- Task -
Apart from the pictures, every record here must be copied word for word.

- Exercise data -
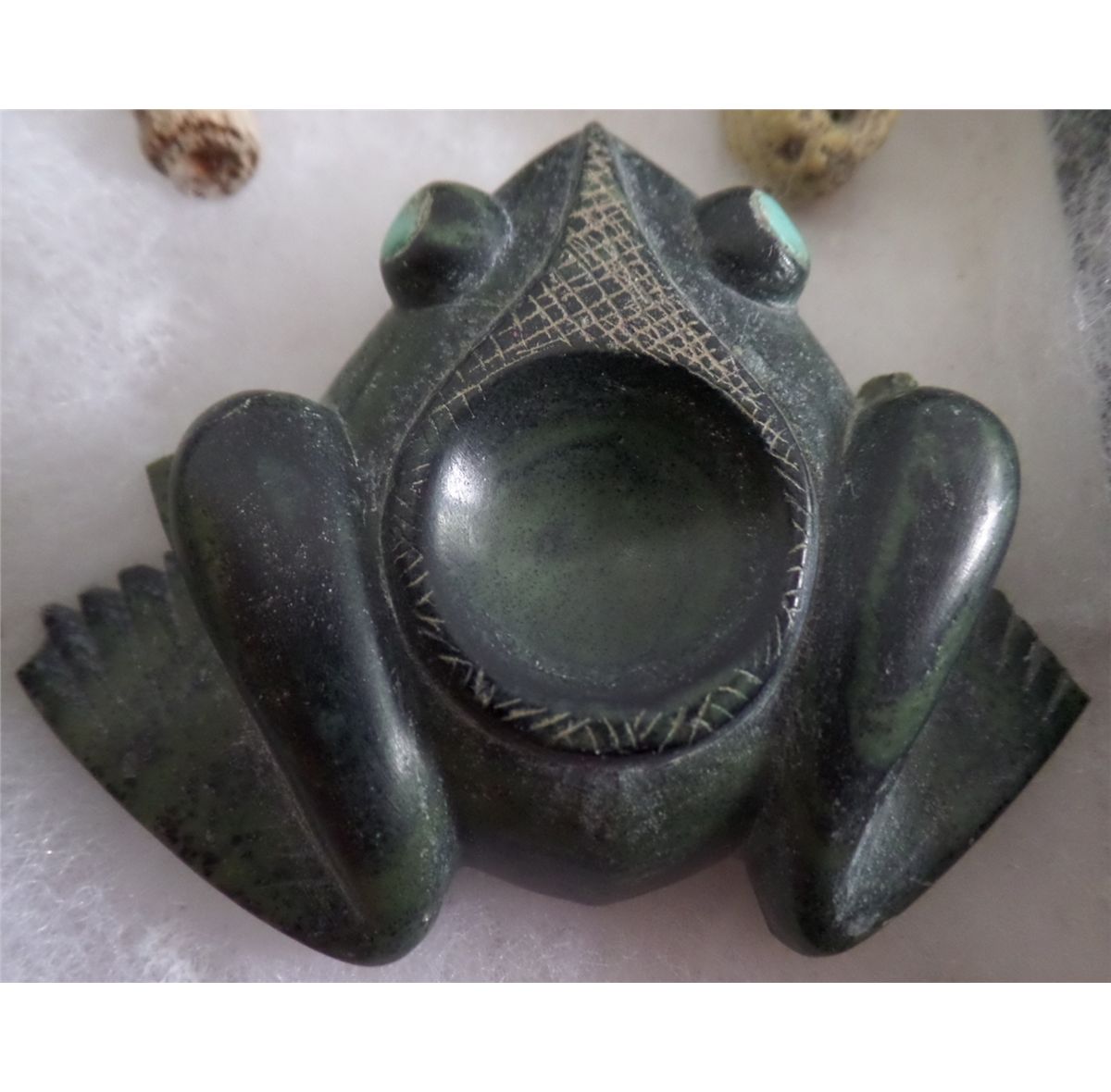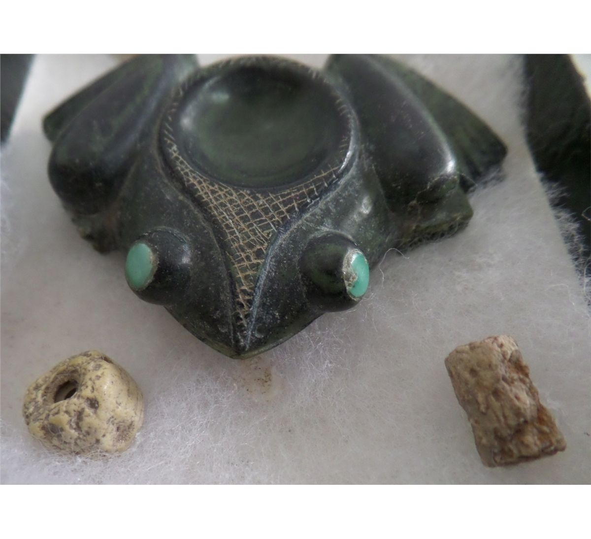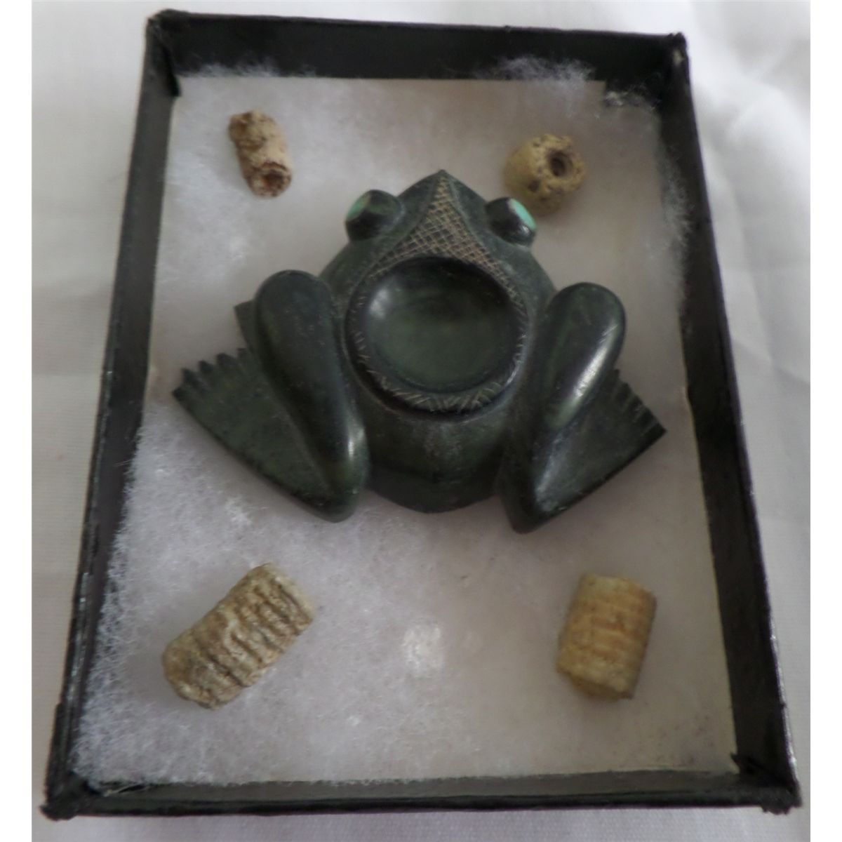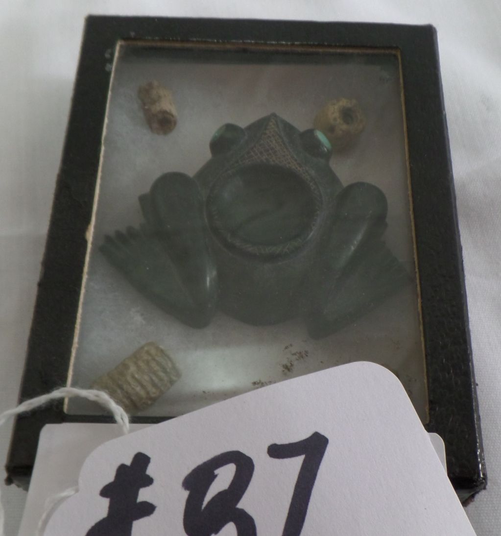 Frame of Stone Frog and 4 Relics from Tucson, Arizona. Item measures 2" x 2". Condition: Front feet missing. Shipping: $12.
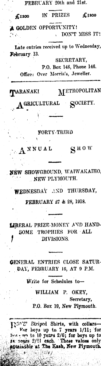 FEBRUARY 20th and 21at. £uoo IN PRIZES £jaoo fi. GOLDEN OPPORTUNITY! Late cntrieß received up to Wednesday, February 13. SECRETARY, P.O. Box 148, Phone 140. Office: Over Morris's, Jeweller. AGRICULTURAL gOCIETY. FORTY-THTRO NEW SHOWGROUND, WAIWAKAIHO, " NEW PLYMOUTH. WEDNESDAY AN'D THURSDAY, FEBRUARY £1 &. 28,1918. UffiERAL PRIZE-MONEY AVD HAND- ' SOME TROPHIES FOR ALL j DIVISIONS. GENERAL ENTRIES CLOSE SATURDAY, FEBRUARY 10, AT 9 P.M. Write for Schedules to — WILLIAM P. OKEY, Secretary, P.O. Box 19, New Plymouth. | Striped Shirts, with collars— Vr.r boys up to. 7 years 1/H; "for . nn to 10 yes« 2/6; for boys up to f« ?/!! each. These values only ; at The Kash, Kevr Plymouth. > DON'T MISS IT! IJIARANAKI METROPOLITAN gHOW IflfrlV-
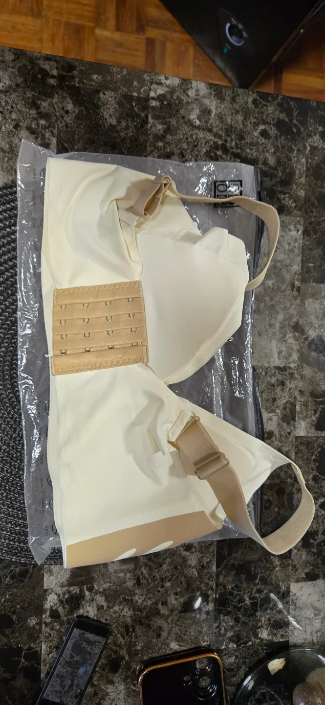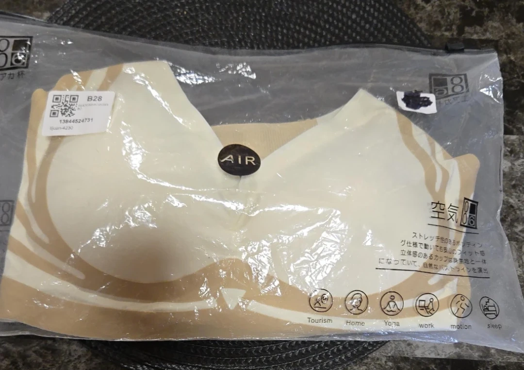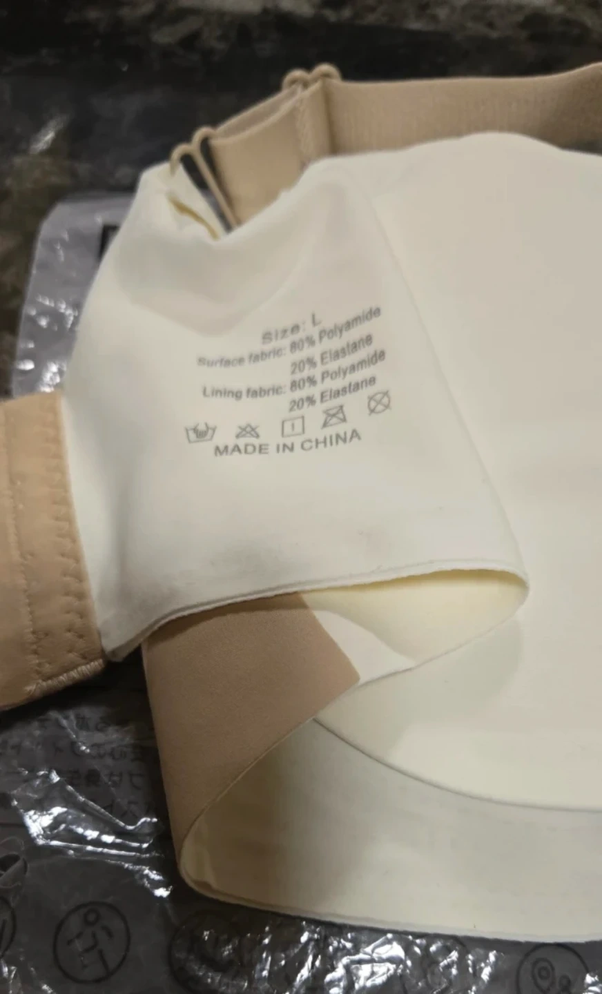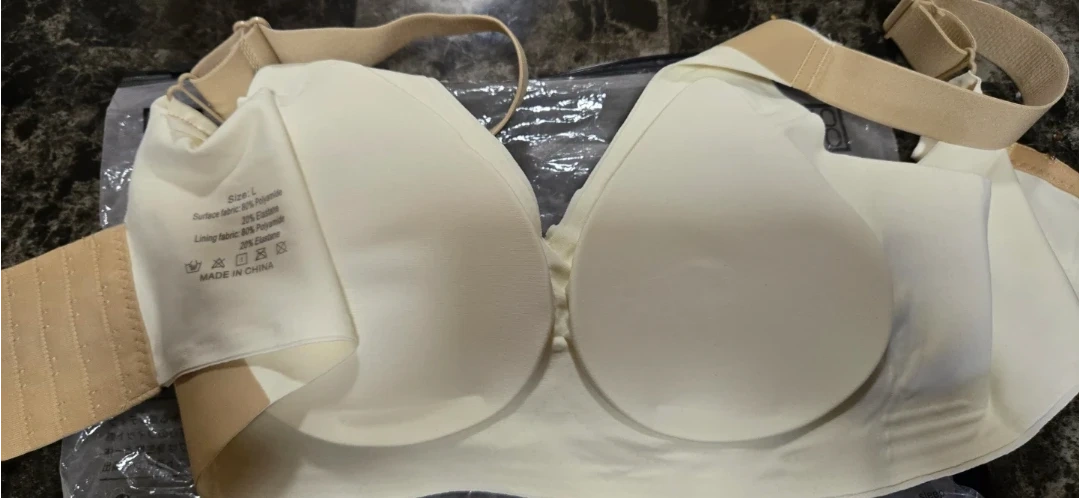 This beige wireless bra is size L. Surface fabric is 80% Polyamide and 20% Elastane, with lining fabric also 80% Polyamide and 20% Elastane.
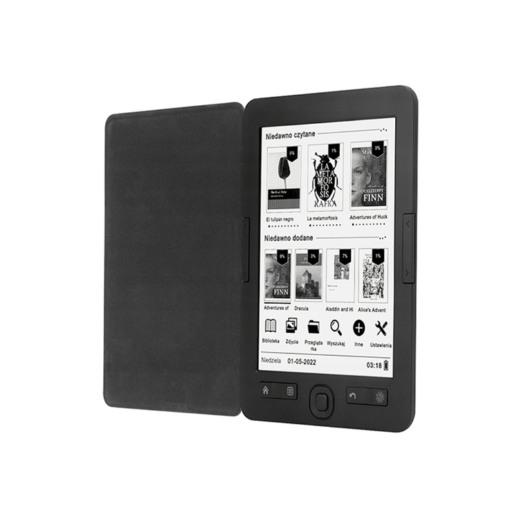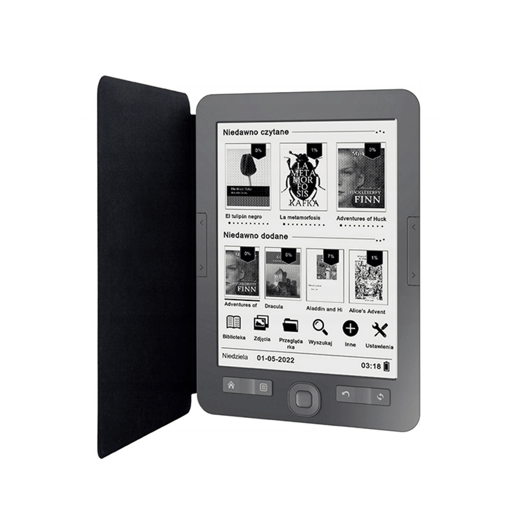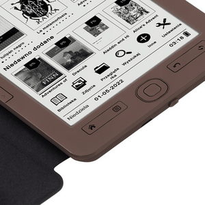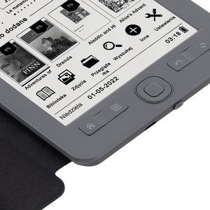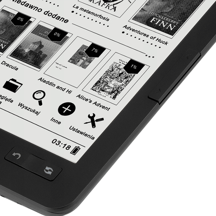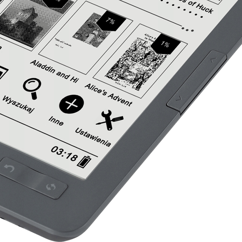 Ekran eink z 16-stopniową skalą szarości, imituje efekt tradycyjnego druku na papierze. Rozdzielczości 1024x758, 212 ppi zapewnia super komfortowe czytanie bez zmęczenia oczu. Tekst jest wyraźny i łatwy do odczytu.
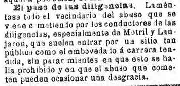 3 de julio de 1891. Queja por la velocidad a la que entran en
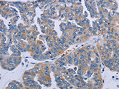 The image on the left is immunohistochemistry of paraffin-embedded Human ovarian cancer tissue using CSB-PA972644(P2RY2 Antibody) at dilution 1/40, on the right is treated with synthetic peptide. (Original magnification: ×200)

- Output of the exercise -
 Frame of Stone Frog and 4 Relics from Tucson, Arizona. Item measures 2" x 2". Condition: Front feet missing. Shipping: $12.
 FEBRUARY 20th and 21at. £uoo IN PRIZES £jaoo fi. GOLDEN OPPORTUNITY! Late cntrieß received up to Wednesday, February 13. SECRETARY, P.O. Box 148, Phone 140. Office: Over Morris's, Jeweller. AGRICULTURAL gOCIETY. FORTY-THTRO NEW SHOWGROUND, WAIWAKAIHO, " NEW PLYMOUTH. WEDNESDAY AN'D THURSDAY, FEBRUARY £1 &. 28,1918. UffiERAL PRIZE-MONEY AVD HAND- ' SOME TROPHIES FOR ALL j DIVISIONS. GENERAL ENTRIES CLOSE SATURDAY, FEBRUARY 10, AT 9 P.M. Write for Schedules to — WILLIAM P. OKEY, Secretary, P.O. Box 19, New Plymouth. | Striped Shirts, with collars— Vr.r boys up to. 7 years 1/H; "for . nn to 10 yes« 2/6; for boys up to f« ?/!! each. These values only ; at The Kash, Kevr Plymouth. > DON'T MISS IT! IJIARANAKI METROPOLITAN gHOW IflfrlV-
 This beige wireless bra is size L. Surface fabric is 80% Polyamide and 20% Elastane, with lining fabric also 80% Polyamide and 20% Elastane.
 Ekran eink z 16-stopniową skalą szarości, imituje efekt tradycyjnego druku na papierze. Rozdzielczości 1024x758, 212 ppi zapewnia super komfortowe czytanie bez zmęczenia oczu. Tekst jest wyraźny i łatwy do odczytu.
 3 de julio de 1891. Queja por la velocidad a la que entran en
 The image on the left is immunohistochemistry of paraffin-embedded Human ovarian cancer tissue using CSB-PA972644(P2RY2 Antibody) at dilution 1/40, on the right is treated with synthetic peptide. (Original magnification: ×200)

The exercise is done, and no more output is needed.